A rather obvious point about Larkin's 'This Be The Verse'.
They fuck you up, your mum and dad.
They may not mean to, but they do.
They fill you with the faults they had
And add some extra, just for you.

But they were fucked up in their turn
By fools in old-style hats and coats,
Who half the time were soppy-stern
And half at one another’s throats.

Man hands on misery to man.
It deepens like a coastal shelf.
Get out as early as you can,
And don’t have any kids yourself.
Wikipedia (that fount! It's a veritable fount!) suggests the title 'is an allusion to Robert Louis Stevenson's "Requiem"', which also contains familiar lines:
Under the wide and starry sky,
Dig the grave and let me lie.
Glad did I live and gladly die,
And I laid me down with a will.

This be the verse you grave for me:
Here he lies where he longed to be;
Home is the sailor, home from sea,
And the hunter home from the hill.
A touch egregiously, the 'pedia then adds: 'Stevenson's thought of a happy homecoming in death is given an ironic turn'.

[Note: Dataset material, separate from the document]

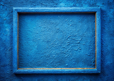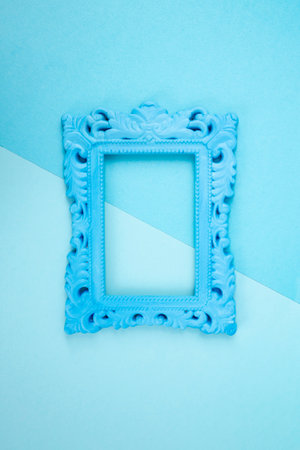 Empty blue painted baroque frame on blue shades color background, pop art abstract backdrop

But I've always assumed the title makes reference to Pope's couplet from Arbuthnot [283-4]:
Cursed be the verse, how well so e'er it flow,
That tends to make one worthy man my foe.
Larkin's poem has, it seems to me, has a cleverer, more ironic relationship to this famous sentiment than to Stevenson's gooey sentimentality: because the 'cursing' (in the vernacular sense of the word) is precisely what is most memorable about Larkin's ditty; because it is about the inevitable enmity and misery that shapes even the relationships between the worthy.